助手の罷免と、講師としての復活

 松村教授の反対により、『大日本植物誌』が発行されても、冨太郎に特別手当は支給されなかった。

 冨太郎一家は再び困窮し、またもや借金に頼るようになる。

 それだけではない。

 明治43年(1910)、冨太郎は、東京帝国大学理科大学(明治30年に帝国大学理科大学から改称)の助手を、罷免(休職とも)されてしまう。冨太郎いわく、冨太郎を邪魔に思う松村が、新しく学長に就任した桜井錠二博士を焚きつけたのだという。

 だが、冨太郎は挫けなかった。

 同年4月、東京帝国大学理科大学の植物取り調べ嘱託となり、翌明治44年(1911)には、千葉県立園芸専門学校(千葉県松戸市)の嘱託として講師となった。この年には、冨太郎を会長とする東京植物研究会(のちの東京植物同好会)が創立されている。

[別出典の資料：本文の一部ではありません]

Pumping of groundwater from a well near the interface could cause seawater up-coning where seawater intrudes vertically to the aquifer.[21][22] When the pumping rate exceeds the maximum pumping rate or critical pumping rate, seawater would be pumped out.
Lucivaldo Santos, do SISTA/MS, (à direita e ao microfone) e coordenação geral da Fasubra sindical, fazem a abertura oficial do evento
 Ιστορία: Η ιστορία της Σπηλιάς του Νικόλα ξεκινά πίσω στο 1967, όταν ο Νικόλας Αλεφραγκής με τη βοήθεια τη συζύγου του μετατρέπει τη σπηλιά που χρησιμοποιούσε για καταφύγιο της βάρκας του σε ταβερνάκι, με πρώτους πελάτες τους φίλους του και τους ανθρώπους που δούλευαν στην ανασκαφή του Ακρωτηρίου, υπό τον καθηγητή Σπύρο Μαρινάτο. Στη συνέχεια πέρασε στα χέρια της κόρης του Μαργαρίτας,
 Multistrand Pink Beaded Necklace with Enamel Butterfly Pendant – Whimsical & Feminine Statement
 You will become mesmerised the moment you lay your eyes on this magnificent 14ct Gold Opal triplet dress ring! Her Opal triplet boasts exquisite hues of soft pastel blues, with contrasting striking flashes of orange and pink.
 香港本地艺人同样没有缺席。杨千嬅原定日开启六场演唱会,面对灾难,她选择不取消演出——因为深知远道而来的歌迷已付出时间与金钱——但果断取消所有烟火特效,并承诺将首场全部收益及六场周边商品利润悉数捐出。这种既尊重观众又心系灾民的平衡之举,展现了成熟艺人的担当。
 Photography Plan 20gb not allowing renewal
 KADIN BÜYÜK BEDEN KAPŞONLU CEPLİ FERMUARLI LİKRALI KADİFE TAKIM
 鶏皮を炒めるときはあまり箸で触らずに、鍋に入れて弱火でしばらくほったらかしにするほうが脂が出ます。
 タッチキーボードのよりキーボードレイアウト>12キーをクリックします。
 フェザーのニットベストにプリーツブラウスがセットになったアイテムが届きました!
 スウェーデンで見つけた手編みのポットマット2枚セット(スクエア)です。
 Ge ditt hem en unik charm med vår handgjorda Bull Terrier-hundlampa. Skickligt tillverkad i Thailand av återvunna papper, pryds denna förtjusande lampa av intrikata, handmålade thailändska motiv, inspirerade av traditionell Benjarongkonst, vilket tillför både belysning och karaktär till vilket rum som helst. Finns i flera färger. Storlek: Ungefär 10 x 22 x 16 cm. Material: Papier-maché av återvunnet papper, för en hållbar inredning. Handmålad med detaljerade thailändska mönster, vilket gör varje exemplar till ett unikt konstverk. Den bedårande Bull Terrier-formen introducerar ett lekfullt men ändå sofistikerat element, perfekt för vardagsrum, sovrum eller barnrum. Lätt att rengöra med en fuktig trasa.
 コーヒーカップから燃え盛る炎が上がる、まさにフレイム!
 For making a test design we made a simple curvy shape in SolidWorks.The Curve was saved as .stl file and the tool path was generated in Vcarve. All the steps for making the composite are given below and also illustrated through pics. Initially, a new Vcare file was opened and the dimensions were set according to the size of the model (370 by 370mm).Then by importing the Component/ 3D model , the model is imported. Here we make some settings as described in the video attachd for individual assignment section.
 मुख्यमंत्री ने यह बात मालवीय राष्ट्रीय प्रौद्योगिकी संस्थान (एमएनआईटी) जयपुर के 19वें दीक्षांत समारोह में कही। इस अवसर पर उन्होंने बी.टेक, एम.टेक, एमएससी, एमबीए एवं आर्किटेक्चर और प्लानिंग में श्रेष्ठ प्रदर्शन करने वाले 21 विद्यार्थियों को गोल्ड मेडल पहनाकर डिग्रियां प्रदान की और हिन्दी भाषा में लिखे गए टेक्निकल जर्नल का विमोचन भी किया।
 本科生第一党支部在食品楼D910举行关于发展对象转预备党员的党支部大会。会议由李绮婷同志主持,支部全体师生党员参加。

 冨太郎の罷免に対して反対運動も起きており、明治45年(1912)、冨太郎は「講師」として、大学に復帰を果たした。

 講師に任じられたことで、植物取り調べ嘱託は解かれたが、月給は30円に上がった。

 

青年素封家・池長孟の支援

 その後も冨太郎は研究成果をあげていき、「世界的植物学者」と呼ばれる一方、資料の購入などの研究費や生活費が賄いきれず、借金は増え続けていった。

 大正5年(1916)には、3万円余り(現在の6~7千万円程度とされる)にも嵩み、返済するには、冨太郎が心血を注いで集めた植物標本を、海外の研究機関に売却するしかないほど,追い詰められていた。

 だが、冨太郎の困窮が新聞に掲載されると、神戸の青年素封家・池長孟が援助を申し出て、借金を清算。

 貴重な標品の海外流出は回避された。